I’m not a big fan of plastic recycling, because it just gives the impression that something is getting better, but it doesn’t make much difference. Where I live, we can’t recycle glass (awful, I know) and it’s hard to get things in glass anyway. Everything…literally everything…is wrapped in layers of plastic that won’t be recycled, or even if they are they won’t solve any real problem. When I was in Germany a couple of years ago, everything was in reusable glass, and the water bottles in our room were sterilized and refilled, and a new, full bottle every day. No significant waste, unless we happened to smash the bottle against the door in a fit of fury at being forced to be less environmentally destructive (I did not; I don’t think anyone else did, either, but I can’t swear to it).

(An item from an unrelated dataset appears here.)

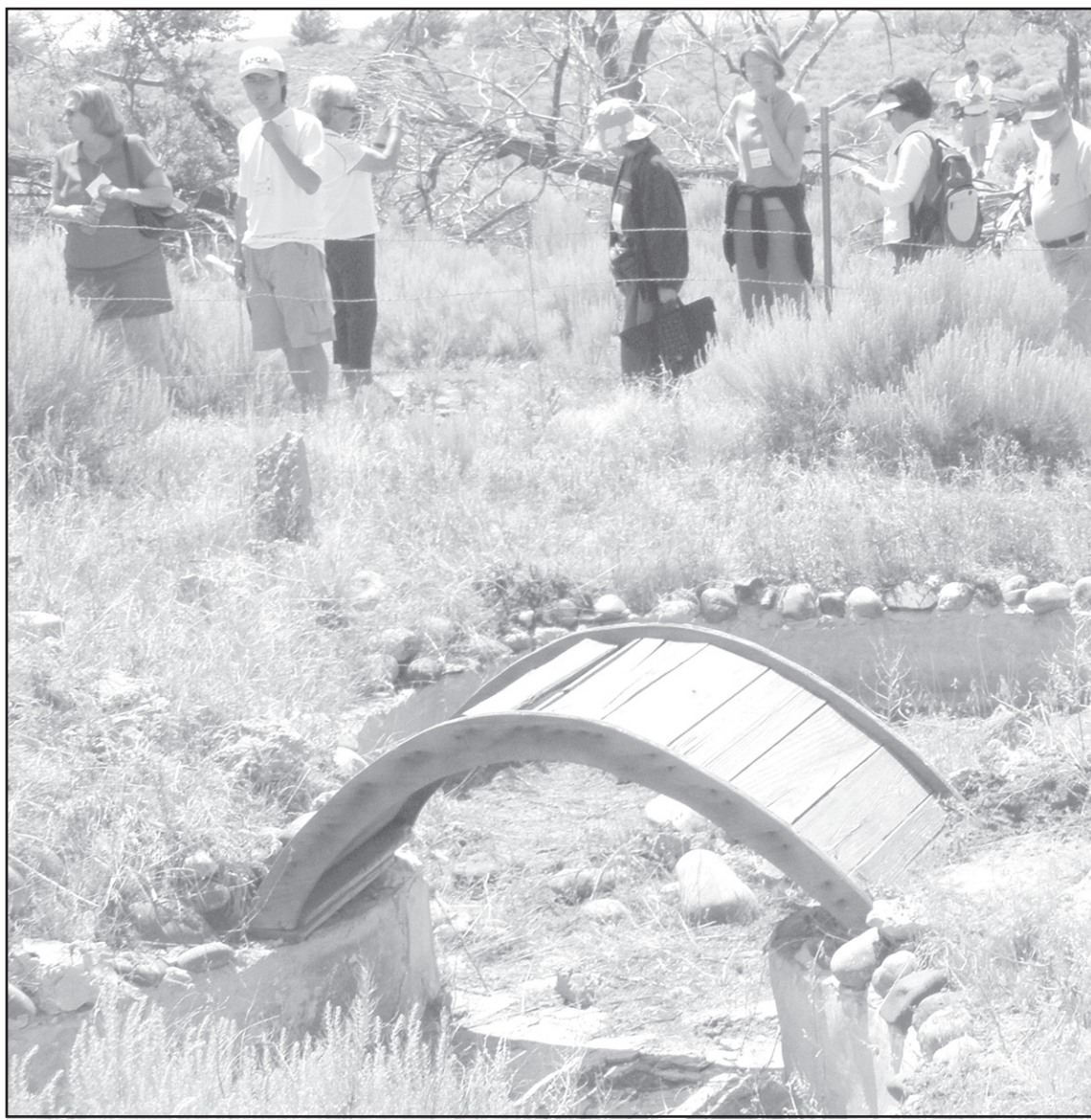
Internees and family members look at a Japanese fish pond built at Camp Amache by the people who lived there during World War II. Many traveled from Denver to the site last weekend.

Some of the Amache internees were allowed to go into nearby towns like Lamar to see movies and to go shopping. It was not all good, and there were many emotional stories about the hard times and

Our city made plastic recycling incredibly easy. All you have to do is pitch in any piece of plastic with a triangle on it. They will sort later…we don’t even have to think about it anymore. Recycling has not increased with the newer, easier method. In fact, we’ve seen a decrease in recycling in recent years. (But we are a red state – that could be a protest against the so-called “Deep State”, which would be ironic since our recycling center is 100% privately owned and the owners make a profit – which is why we don’t recycle glass, because there is no profit in a country that only wants plastic. My wine bottles have to be saved to haul to another town somewhere when I happen to be going there).
Millions and millions of people endure endless hours of “traffic” daily – endlessly sucking each others exhaust fumes – it can’t only be that they are happy to escape dealing with their “families” or delay dealing with their “co-workers”

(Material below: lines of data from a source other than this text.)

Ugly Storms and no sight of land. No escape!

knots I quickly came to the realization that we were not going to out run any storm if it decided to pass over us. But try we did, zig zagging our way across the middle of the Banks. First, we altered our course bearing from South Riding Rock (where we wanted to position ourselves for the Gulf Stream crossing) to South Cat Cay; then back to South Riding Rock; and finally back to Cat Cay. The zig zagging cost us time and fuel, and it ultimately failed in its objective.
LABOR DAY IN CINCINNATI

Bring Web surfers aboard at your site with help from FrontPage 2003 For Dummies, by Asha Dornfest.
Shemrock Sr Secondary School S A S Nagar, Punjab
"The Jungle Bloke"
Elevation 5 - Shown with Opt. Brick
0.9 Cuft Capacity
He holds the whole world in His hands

Soon someone will verify the link between carbon monoxide addiction and counter-productive behaviour.
I agree entirely and we should all be doing much, much more. But the particular despair I was talking about here is the one about people not even bothering to do things that take no thought or effort and indeed getting angry when someone suggests they should. Doing the simple things won’t solve the environmental crisis, but it can help to change attitudes. Recycling needs to be the first step and – as you say – we need to make better choices about packaging where we can. In the UK, we’ve started to see water being packaged in paper containers and there’s a return in some places to glass bottles for milk. It’s nowhere near enough, but there is evidence that attitudes are changing. Far too slowly, of course. Supermarkets sell vegetables with no packaging, but the vast majority of people choose the ones wrapped in plastic. Why? Buggered if I know. For some reason it’s a thing here to sell three capsicum peppers wrapped together in plastic. The shelf RIGHT NEXT to these wrapped peppers has unwrapped ones. They are exactly the same. But just about everyone reaches for the wrapped ones, apparently without thinking. There’s always a cheese counter where you can get exactly the bit of cheese you want, wrapped in paper. Or you can get a piece that’s too big or small, wrapped in plastic from the aisle. Guess which one everyone goes for.
When I lived in Germany about ten years ago, recycling facilities were excellent and ubiquitous. The UK hasn’t caught up even yet, although in my area, the recycling is pretty good. It varies wildly from place to place. When we were in Keswick, in the Lake District, recently, there didn’t seem to be any recycling at all. We had to bring ours home with us.
The thing is that if you actually do go out of your way to do more than you have to, it feels good. It makes you want to do more. You don’t have to contort your life too badly to make an increasing difference, small though it is. I mean, for fucks sake, shower with a friend, where’s the downside?